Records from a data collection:
◇ ◇ ◇ ◇ ◇ ◇ ◇

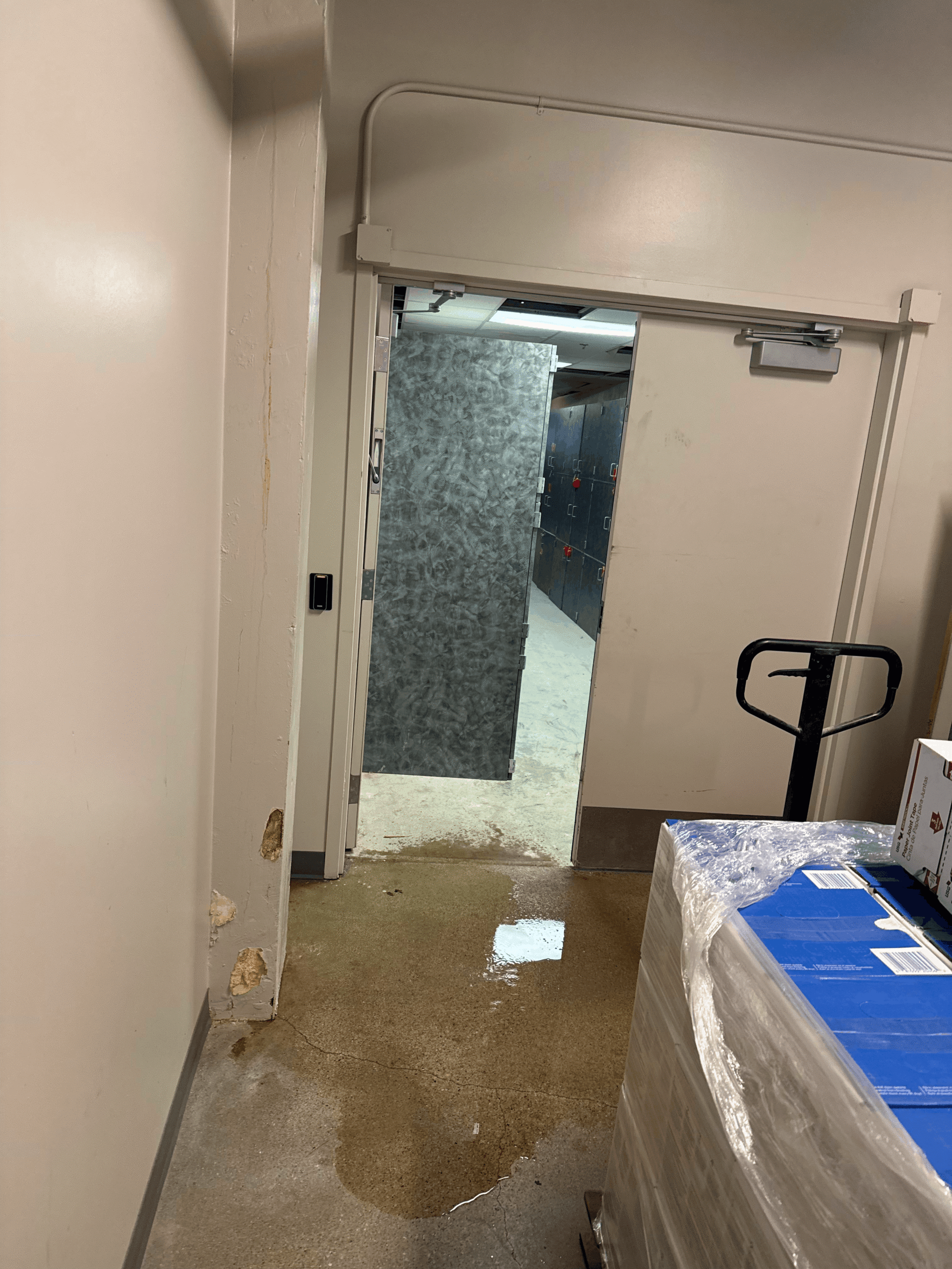 However, the tunnel exists in the no man’s land between the two renovation projects. It belongs to neither and was not included in either budget. This didn’t occur to anyone until water began pooling under the door on the Kimball side. This is how the lockers in the tunnel have risen to become the most urgent need for the bands. We were able to find temporary digs for the instruments (picture 24 sousaphones in an opera dressing room), but we need the tunnel storage to be fully functional by the time the instrument inventory moves back into Westbrook this spring.
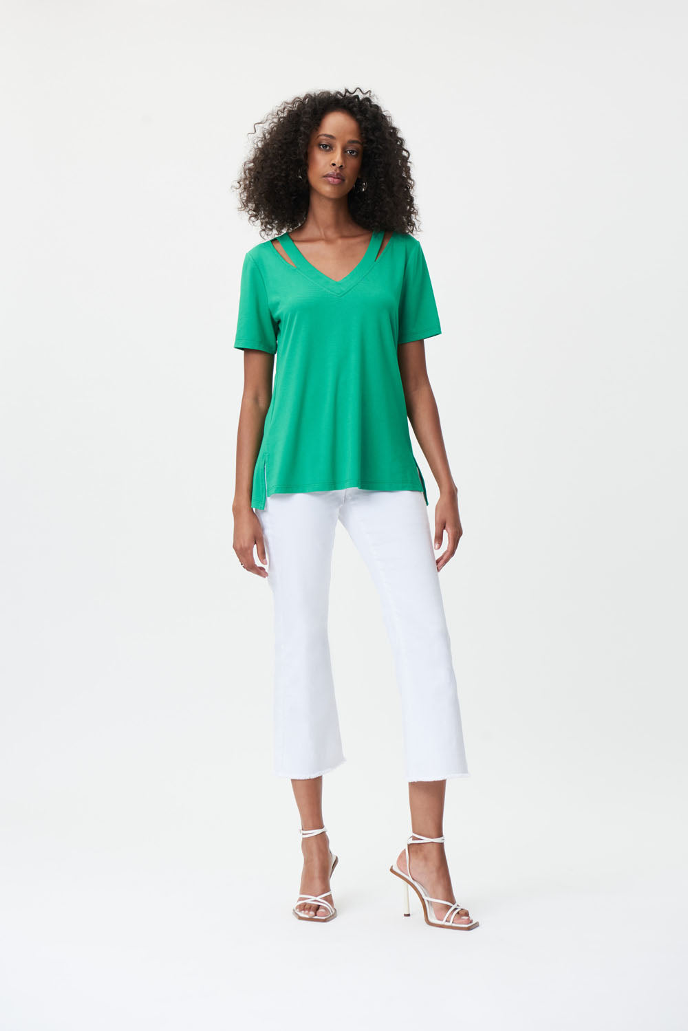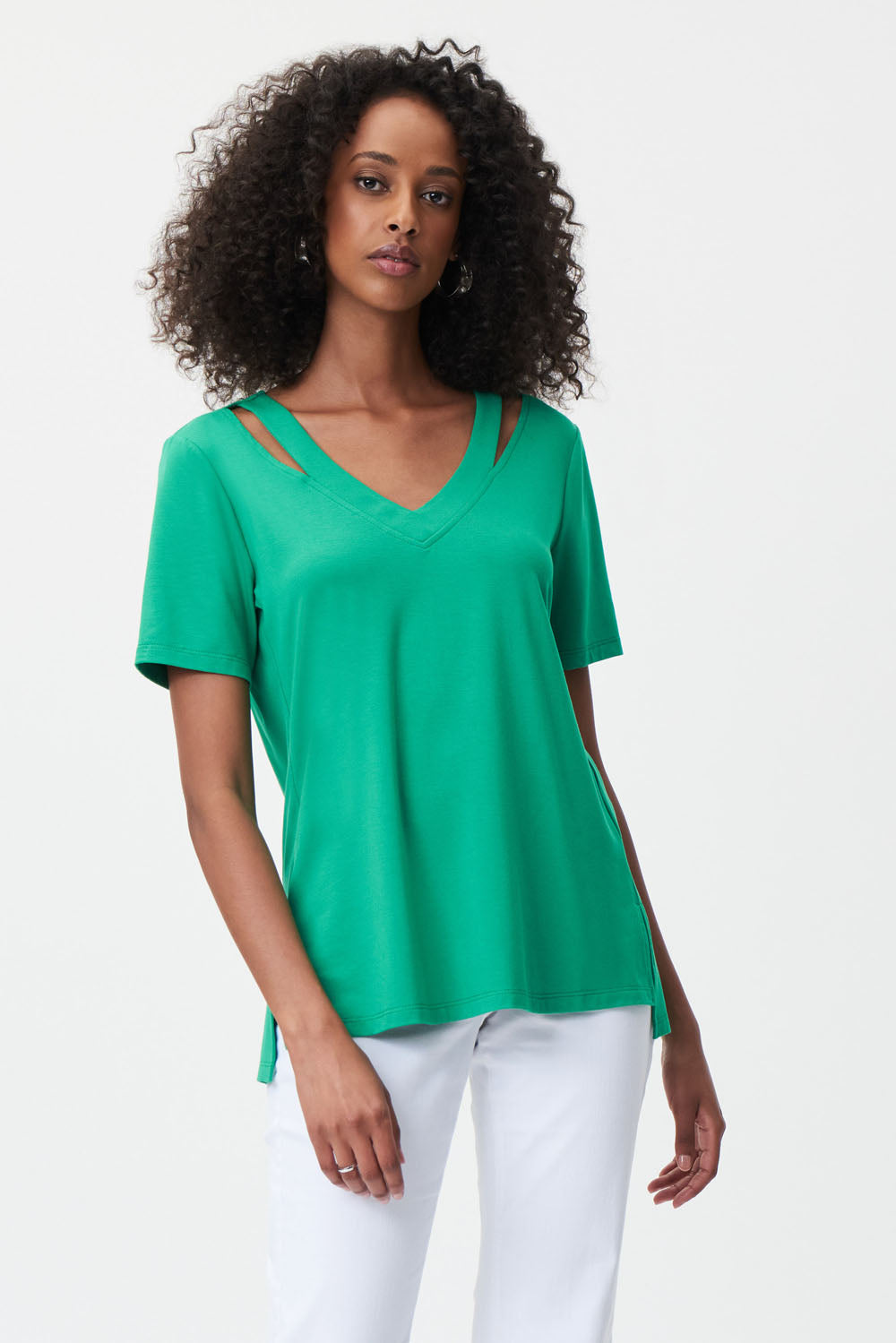 Joseph Ribkoff Foliage Short-Sleeve V-Neck Top Style 232219
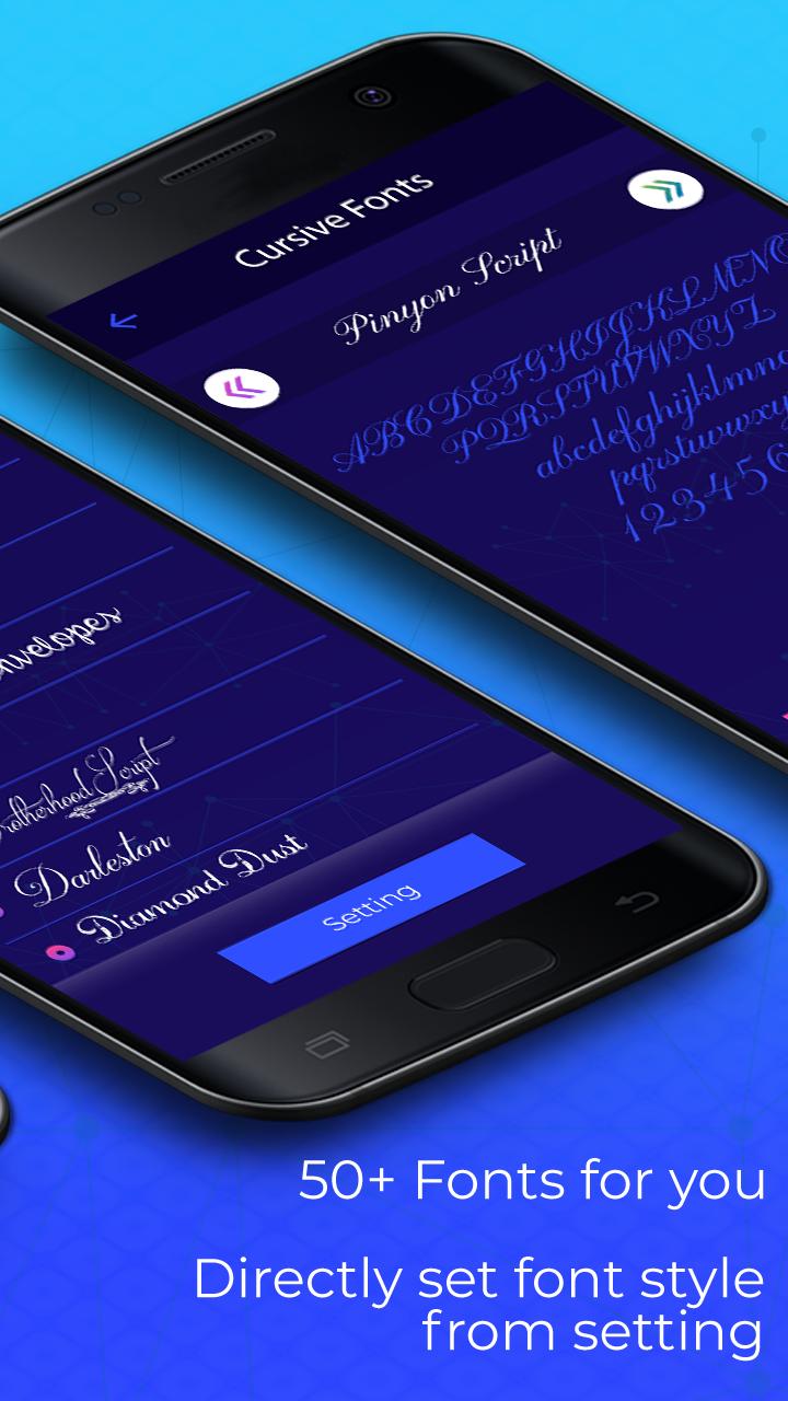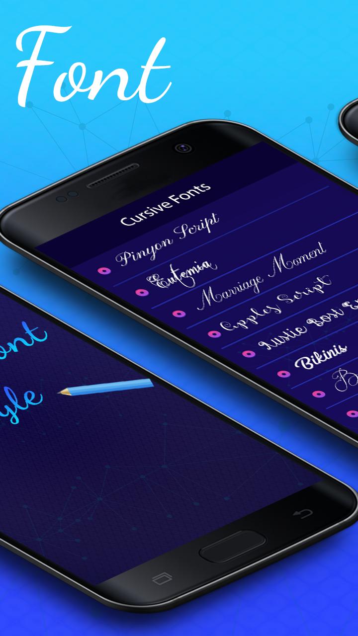 Cursive Fonts Style is a unique font manager for android devices. Cursive Font Style provide number of stylish fonts, funny, cool, cute, Cursive etc.. Cursive Font Style easy to use, preview the fonts details,and download and use it, then all system fonts will be changed.Cursive Font Style is easy to change system font. use,enjoy & share via social networking.
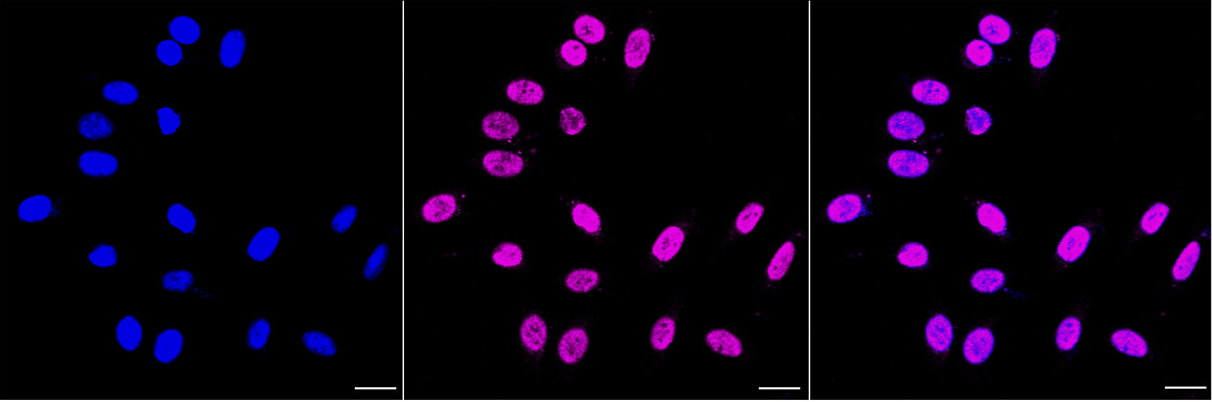 • Immunocytochemical staining of HepG2 cells with Alkaline phosphatase antibody. Nuclei were stained blue with DAPI; Alkaline phosphatase was stained magenta with Alexa Fluor? 647. Images were taken using Leica stellaris 5. Protein abundance based on laser Intensity and smart gain: Medium. Scale bar, 20 μm.
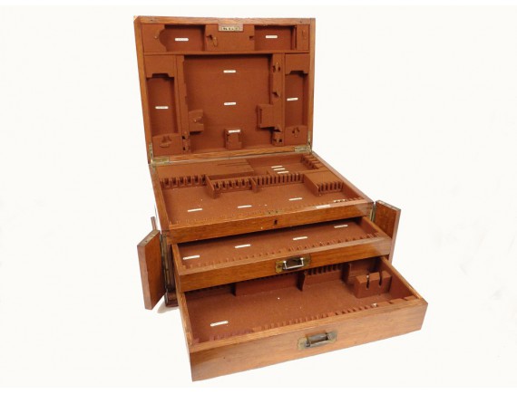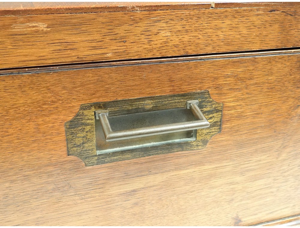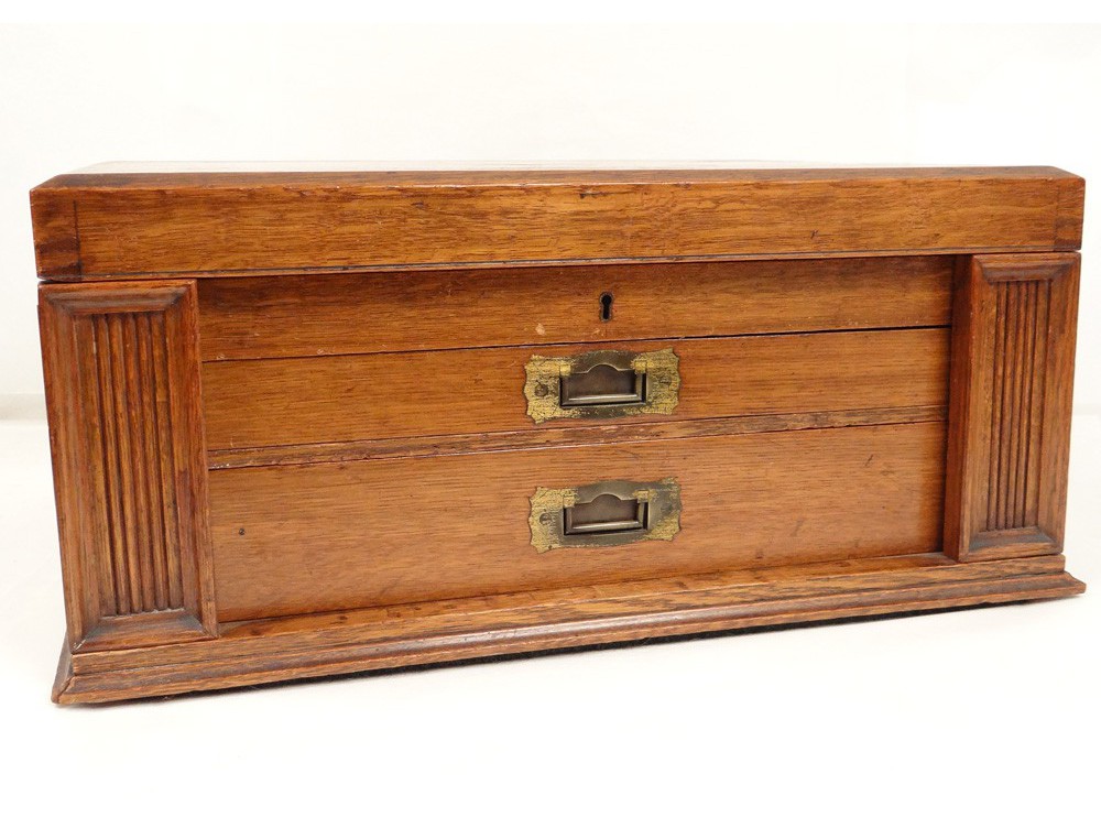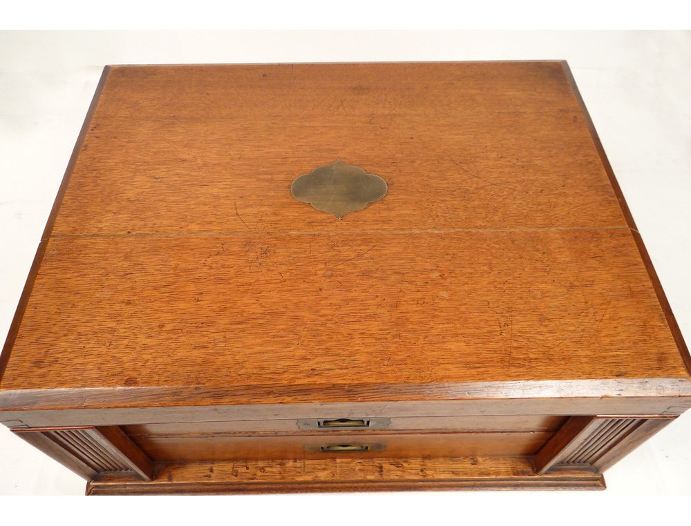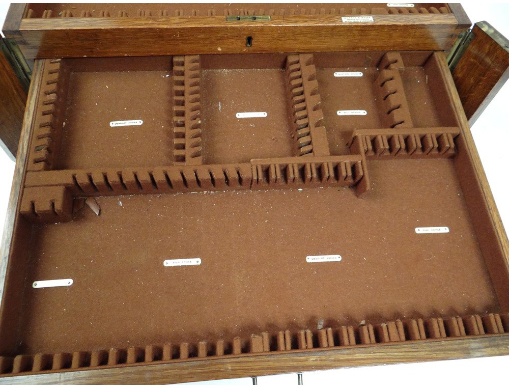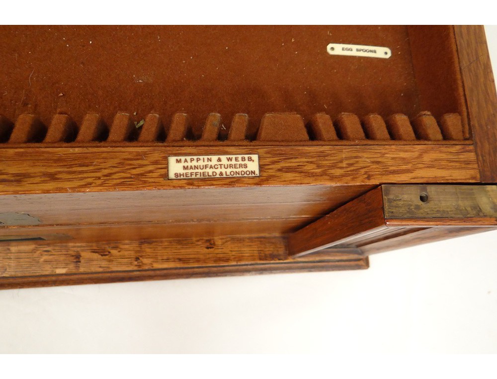 Great box for complete silverware, oak and polished brass service, two drawers on the front, signed jewelers Mappin & Webb Sheffield * Manufacturers & London, period late nineteenth and early twentieth centuries.

◇ ◇ ◇ ◇ ◇ ◇ ◇

> _TASK GOAL_: Repeat the records above exactly, without pictures.

> _ANSWER BELOW_:
 However, the tunnel exists in the no man’s land between the two renovation projects. It belongs to neither and was not included in either budget. This didn’t occur to anyone until water began pooling under the door on the Kimball side. This is how the lockers in the tunnel have risen to become the most urgent need for the bands. We were able to find temporary digs for the instruments (picture 24 sousaphones in an opera dressing room), but we need the tunnel storage to be fully functional by the time the instrument inventory moves back into Westbrook this spring.
 Joseph Ribkoff Foliage Short-Sleeve V-Neck Top Style 232219
 Cursive Fonts Style is a unique font manager for android devices. Cursive Font Style provide number of stylish fonts, funny, cool, cute, Cursive etc.. Cursive Font Style easy to use, preview the fonts details,and download and use it, then all system fonts will be changed.Cursive Font Style is easy to change system font. use,enjoy & share via social networking.
 • Immunocytochemical staining of HepG2 cells with Alkaline phosphatase antibody. Nuclei were stained blue with DAPI; Alkaline phosphatase was stained magenta with Alexa Fluor? 647. Images were taken using Leica stellaris 5. Protein abundance based on laser Intensity and smart gain: Medium. Scale bar, 20 μm.
 Great box for complete silverware, oak and polished brass service, two drawers on the front, signed jewelers Mappin & Webb Sheffield * Manufacturers & London, period late nineteenth and early twentieth centuries.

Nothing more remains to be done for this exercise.